Capítulo
29
Se regresó. Detrás del muro del palacio,
las llamas crecían con fuerza. A esas alturas, el fuego era ya incontenible.
No podía salvar a nadie de allí.
Chen Zeming bajó la mirada, sintiéndose
completamente impotente. Su mente era un caos, incapaz de ordenar pensamiento
alguno.
Desde niño había recibido la enseñanza de
su padre, y valoraba profundamente los principios de lealtad y piedad filial.
—El padre es el cielo, el soberano es el
cielo. En todos los asuntos de la vida, la piedad va primero.
Las frases de los libros aún resonaban con
claridad. Las había memorizado desde pequeño, podía recitarlas sin esfuerzo. Su
padre decía que eran palabras de los sabios, y que debían ser la guía de toda
una vida.
Pero lo que había visto y vivido aquella
noche lo había trastornado por completo.
Sabía por Yang Liang las razones de la
tensión entre el Emperador Xiao y la Emperatriz Viuda. Había presenciado las
corrientes ocultas entre ambos. También sabía que el Emperador era de
naturaleza fría y despiadada. Pero jamás imaginó que resolvería esa relación de
forma tan extrema.
Con el enemigo a las puertas, el Emperador Xiao
había revertido la situación con pura astucia.

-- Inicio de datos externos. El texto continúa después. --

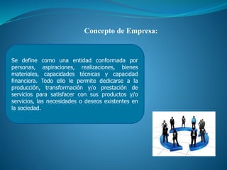 El documento describe los diferentes tipos de empresas según su sector de actividad, actividad económica, tamaño, propiedad del capital y forma jurídica. También explica la relación entre la empresa y la administración, definiendo la administración como responsable de la planeación, organización, control y evaluación de la empresa. Por último, introduce los conceptos de calidad total y la importancia de satisfacer las necesidades de los clientes para una empresa.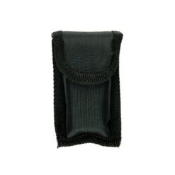 Narzędzie wielofunkcyjne w czarnym pokrowcu, posiada 12 funkcji oraz kolorowy uchwyt z czarnymi elementami, produkt wykonany z aluminium i stali nierdzewnej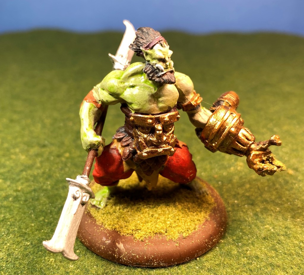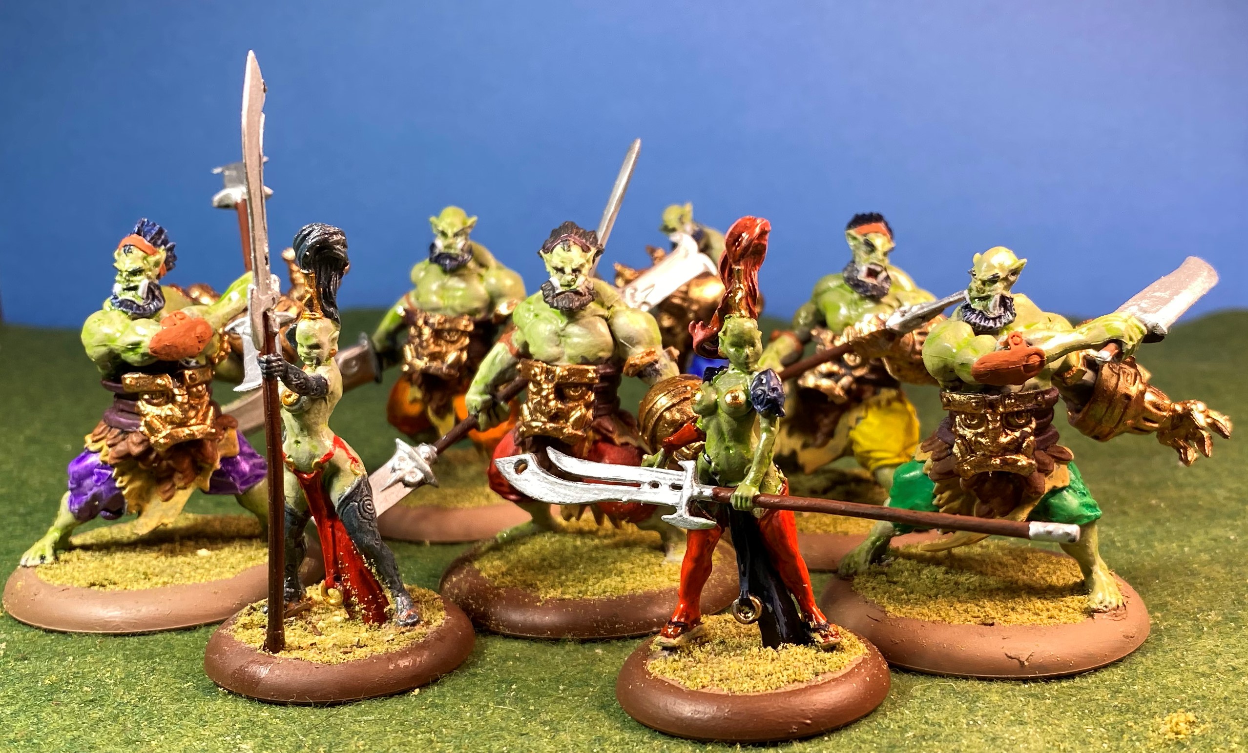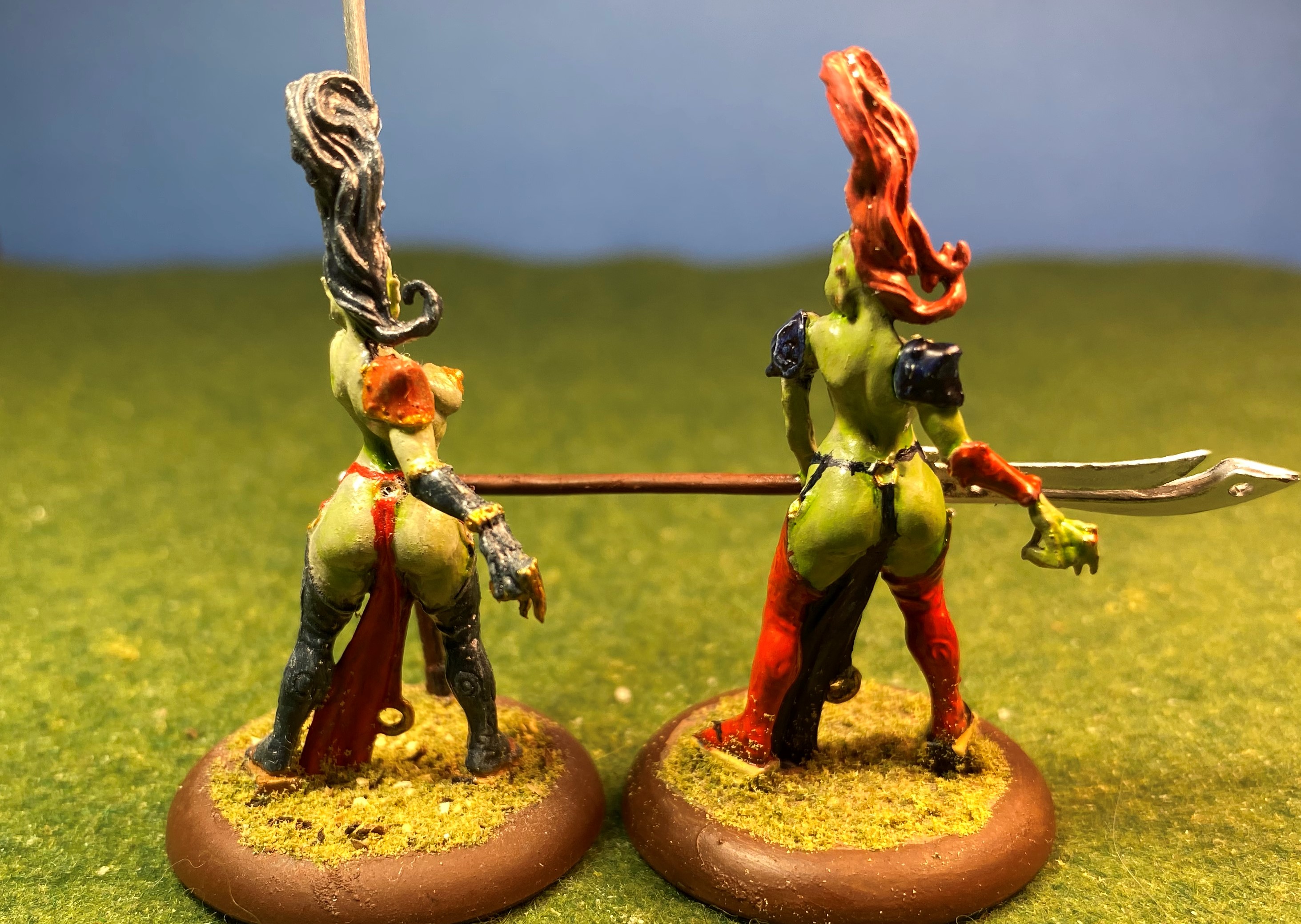 I painted them as Orcs, and they are slightly larger than average Orcs, they are what was called in Warhammer Fantasy, “Big Uns.” I also decided to call them the Wrath Brothers, a band of Orc mercenaries with bronze power fists powered by magic. The magically imbued power fists count as a melee weapon in WHAT and Talomir Tales. The Big Sisters are Orc sorceresses who recharge the power fists with spells as well as dealing damage in battle.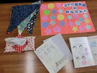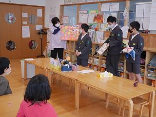 昨日の百寿苑に続き、6年生はみどり保育園児に手作り絵本をプレゼントしました。代表の3名はミドリ保育園出身です。懐かしい先生方とも会えました。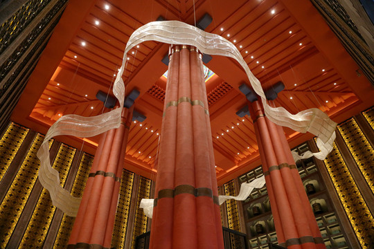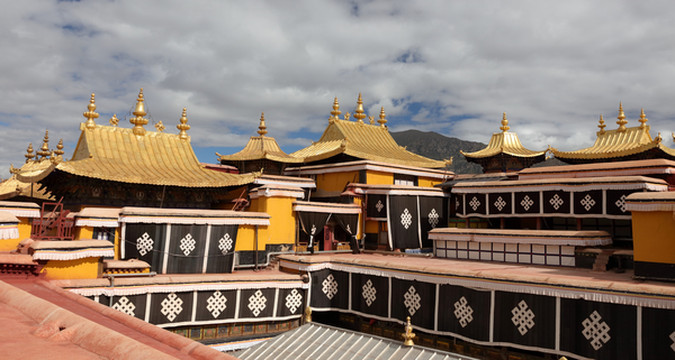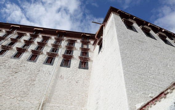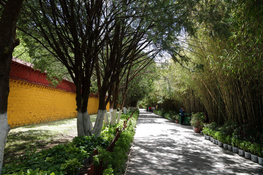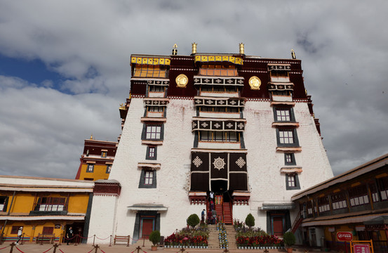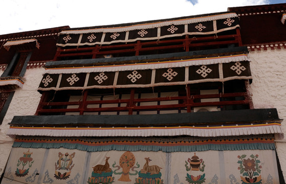 第十三天上午参观布达拉宫。布达拉宫只开放了很小的一部分,集中在红宫,必须跟随导游的带领,一个多小时回到原地。这是一路上人口最密集的地方,经常被其它团队截住而找不到自己的导游,跟上导游有时也因为人多声杂而听不见她在说什么。乱七八糟地看了檀香木观世音菩萨像(在此接受了僧人送的哈达)、灵塔殿、坛城殿等好多殿,绕来绕去找不着北,宫里光线不好,又不能拍照以便日后作个参考,所以回来就忘得差不多了。能记住的是五世dalai灵塔上一颗世界上最/大的钻石,还有天然檀香木观音像,未经雕琢,但实在是太小太远了,又在玻璃匣里,根本没看清。红宫的外墙极特殊,叫白玛草墙,是用一种小乔木经过复杂工艺加工而成的,重量轻又保暖,还能抓箭。布达拉宫保存了大量文物、塑像、唐卡、壁画、经书等,还有灵塔,有个说法黄金在布达拉宫里是最不值钱的。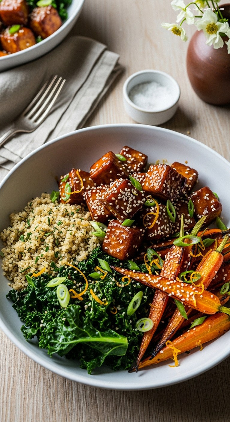 - Balanced bowl: protein-rich tofu, whole-grain quinoa, and plenty of colorful vegetables.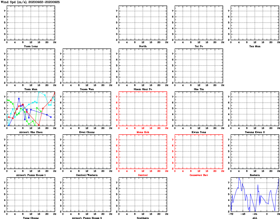 | Air Quality Data Time Series for WS (2020/09/25) | ( Line colors: Day -3 Day -2 Day -1 Current day ) | 2D Map Current AQHI |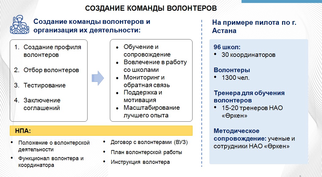 Управление образования г. Алматы совместно с НАО "Өркен" провели рабочую встречу о реализации национального волонтёрского проекта.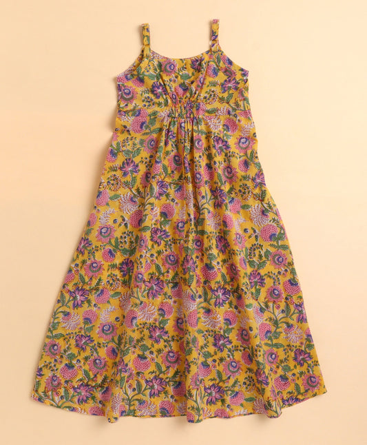 The Magic Wand Cotton woven Cambric Hand Block Printed Spagetti Long Dress with Dupatta- Yellow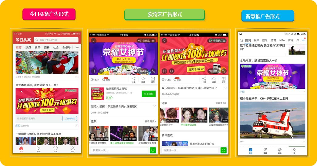 引流活动推广:怡康到家利用“新人注册送100元优惠券”活动,将活动页面投放到手机端的 今日头条、爱奇艺等平台,并结合智慧推广系统扩大新人下载注册的数量。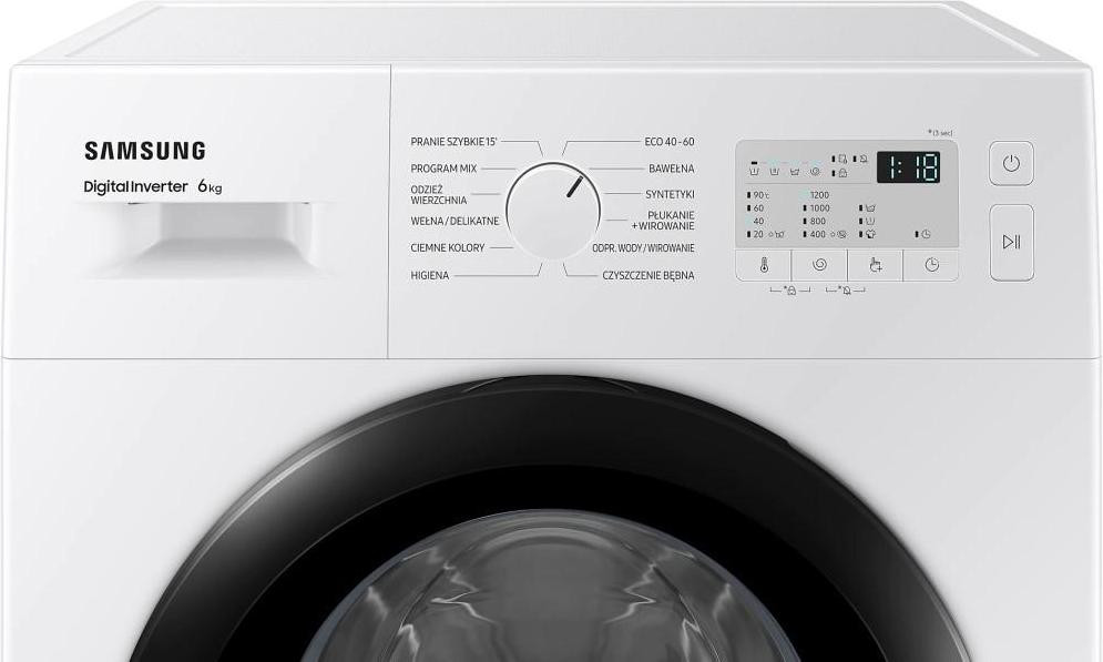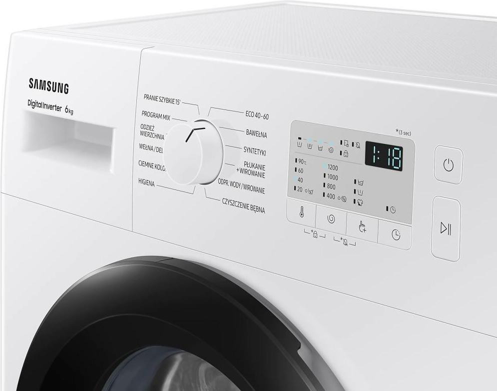 Samsung WW60A3120BH пропонує 10 програм прання, що включають функцію легкого прасування та прання спортивного одягу. Важливою особливістю є технологія «6 рухів турботи», що забезпечує оптимальний режим прання для різних типів тканин. Також присутня мобільна діагностика SmartDiagnosis для швидкого усунення неполадок.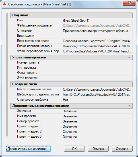 При использовании шаблона подшивки для проекта инструментарий AutoCAD Architecture 2026 нет необходимости в заполнении следующих полей.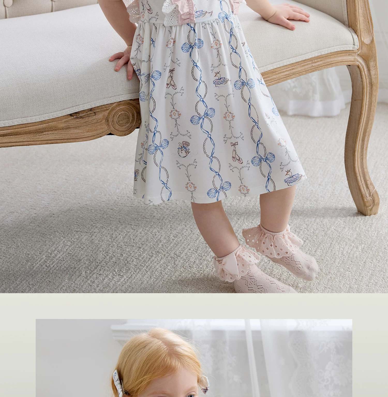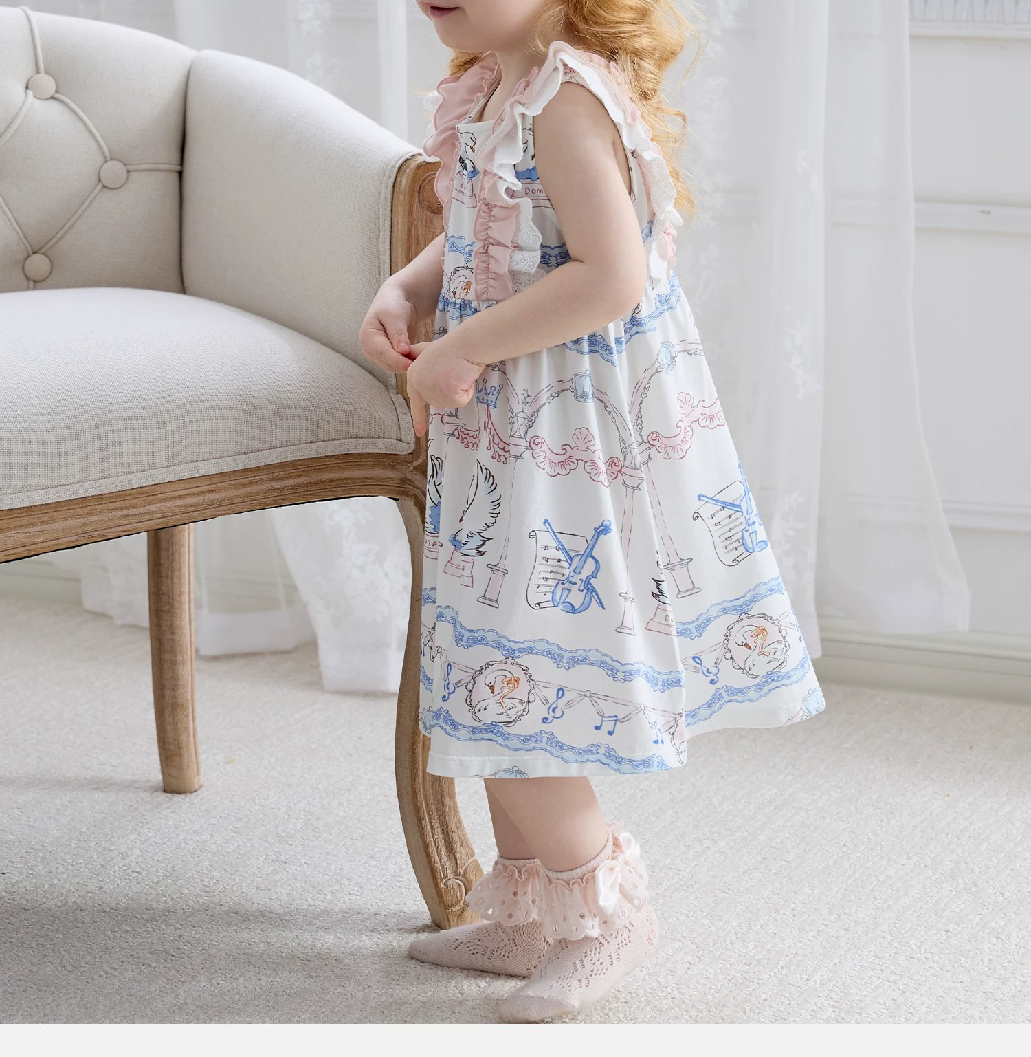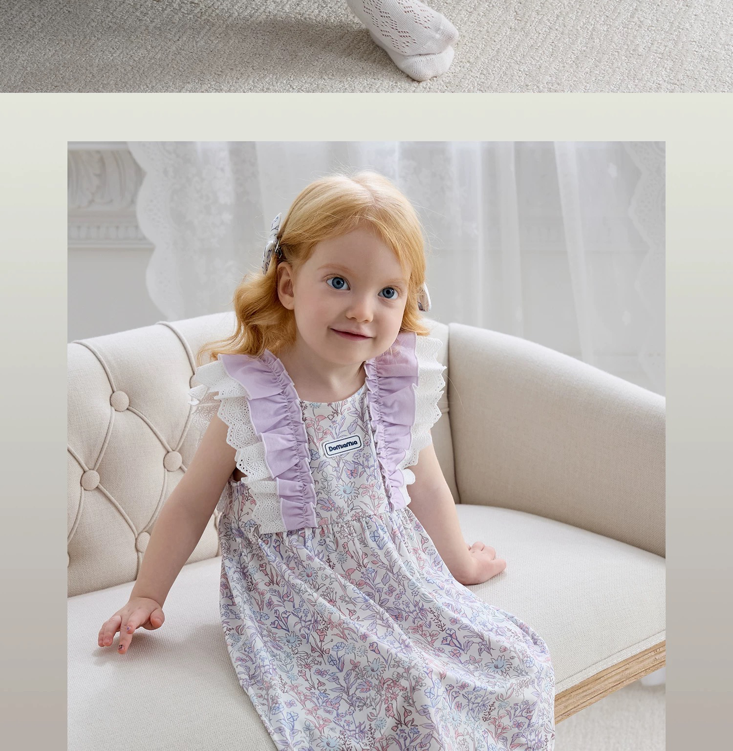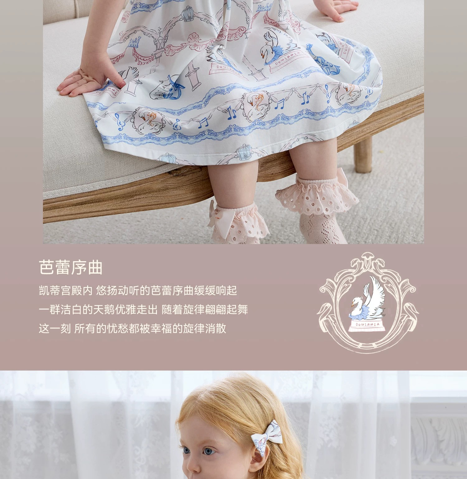 Domiamia 女宝宝针织无袖方领花边连衣裙 新款可爱中长款公主裙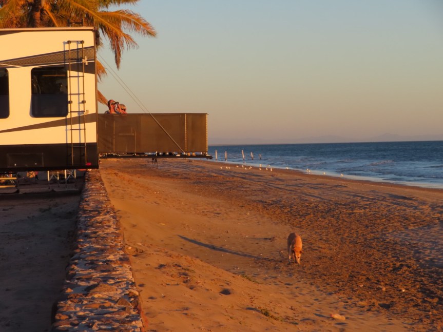 I kept myself busy most of the day here at El Mirador. Once again I was awake before the sun came up, so I took a walk down the beach to the south waiting for the sun breach the horizon and herald in the new day. The row of houses along the beach is an odd collection of total ruins, fancy luxury homes and once nice places falling into disrepair.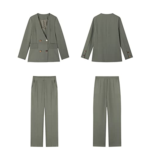 DAIHAN Donne Ufficio 2 Pezzi Pantaloni Vestito Classico Business Blazer Slim Fit Formale Cappotto a Maniche Lunghe Giacca da Lavoro Pantaloni Ufficio E Lavoro,Verde,M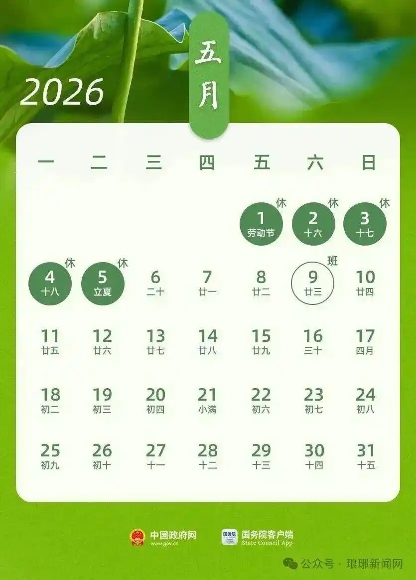 三天的小长假行将抑止假期余额已不及打工格局行将重启来日就又要上班啦可是只需再上18天班就又能迎来长假了依据国务院办公厅《对于2026年部分节沐日安排的奉告》:做事节,5月1日(周五)至5日(周二)休假调休,共5天,5月9日(周六)上班。 联想自驾出游的伙伴防备啦做事节高速公路免费通行凭证国务院发布的《对于批转交通运载部等部门首要节沐日免收微型客车通行费实际有谋略的奉告》(国发〔2012〕37号)开云体育,收费公路免费通行技术为春节、直爽节、做事节、国庆节四个国度法定节沐日。免费车辆包括哪些?7
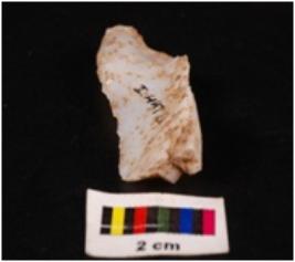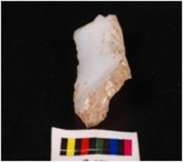 | Description / विवरण | Chalcedony blade made from unprepared core, cortex and bulb of percussion visible, distal end broken and regularly retouched edges. |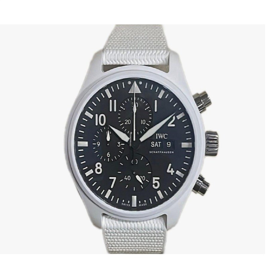 The IWC Pilot Chronograph Top Gun Edition ‘Lake Tahoe’ represents the pinnacle of aviation-inspired watchmaking, drawing from IWC’s rich heritage in creating instruments for professional pilots. This distinctive timepiece features a white ceramic case that not only provides exceptional durability and scratch resistance but also pays homage to the snow-covered landscapes of its namesake region. The matte black dial with its clear Arabic numerals and luminous markers ensures maximum readability in all lighting conditions, a crucial feature for aviation professionals. The chronograph complication, displayed through three subdials, offers precise timing capabilities while maintaining the watch’s clean, functional aesthetic. Crafted with IWC’s signature attention to detail, this timepiece combines technical sophistication with rugged reliability. The white rubber strap provides both comfort and durability, making it ideal for active lifestyles and professional use. As part of the Top Gun collection, this watch embodies the spirit of elite naval aviation while maintaining the refined elegance expected from IWC. Perfect for aviation enthusiasts, professionals, and collectors who appreciate engineering excellence and functional design, this timepiece serves as both a reliable instrument and a statement of sophisticated taste.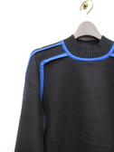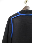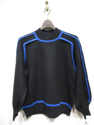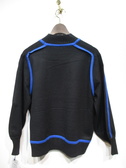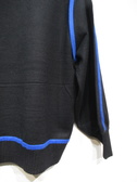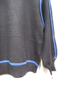 身幅広め、袖は変形ラグラン、袖筒ひろめ、裾と襟ぐりと袖はリブ、配色のライン入り(白が黒のライン・グレーが明るめのブルーのライン・黒はネイビーに近いブルー)、手洗い可能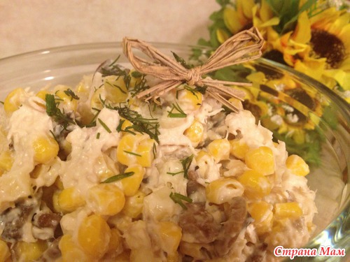 Волокна куринной грудки, кукурузу, жаренные грибы и лук, сыр, все кладем в глубокую миску и заправляем майонезом. Все хорошо перемешиваем.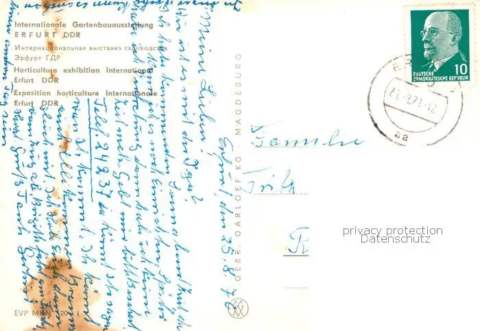 73842847 Erfurt Internationale Gartenbauausstellung Treppe Park Bus Erfurt postalisch gelaufen 1971 Erhaltung siehe scans [FriedD77] [Frierer ]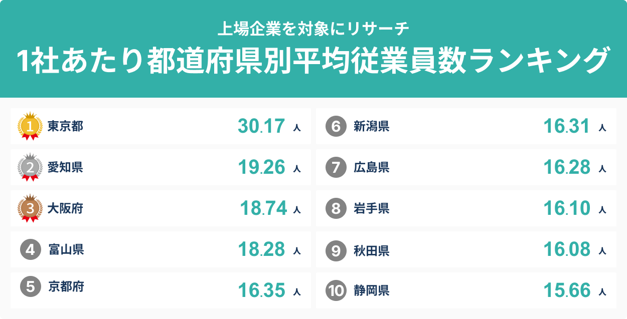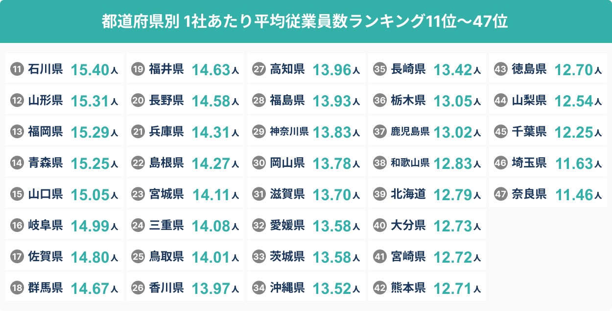1社あたりの従業員数が多い都道府県はどこ!?全47都道府県別、平均従業員数ランキングを発表!/SalesNow DBレポート

Había demostrado su capacidad, y
aún más, que sus métodos no tenían igual. Era un soberano nato.
Sin embargo, teniendo ya la victoria
asegurada, recurrir a una medida tan cruel solo podía interpretarse como una
forma de desahogo.
¿No podía haber optado por el
distanciamiento, el confinamiento, o juzgarla después según la ley? ¿Por qué
precisamente quemar el palacio?
¿Una sola hoguera para convertir a todos
sus parientes en cenizas?
Incluidos esos príncipes necios, que eran
sus tíos y hermanos. Incluida esa mujer sin afecto, que lo había criado y a
quien siempre llamó “madre”.
Ese método escapaba por completo a su
comprensión.
En lo racional, podía entender que el
Emperador buscaba erradicar todo peligro. Pero en lo emocional, no podía
aceptar una ruptura tan absoluta, tan cruel, tan contraria a los principios.
Un soberano así le inspiraba temor y le
parecía inaccesible. Como si vivieran en mundos distintos, sin punto de
encuentro. Recordó a Yang Liang, lo que había vivido, y comprendió que lo que
él enfrentaba ahora era casi idéntico. Por fin entendía el pensamiento de Yang
Liang: aquel hombre se había apartado poco a poco del soberano, con una
elegancia que dejaba clara su postura. Algo que pocos podían lograr.
¿Y él qué debía hacer?
¿Aferrarse a sus creencias o dejarse llevar
por la corriente? ¿Permanecer al margen o contribuir al desastre?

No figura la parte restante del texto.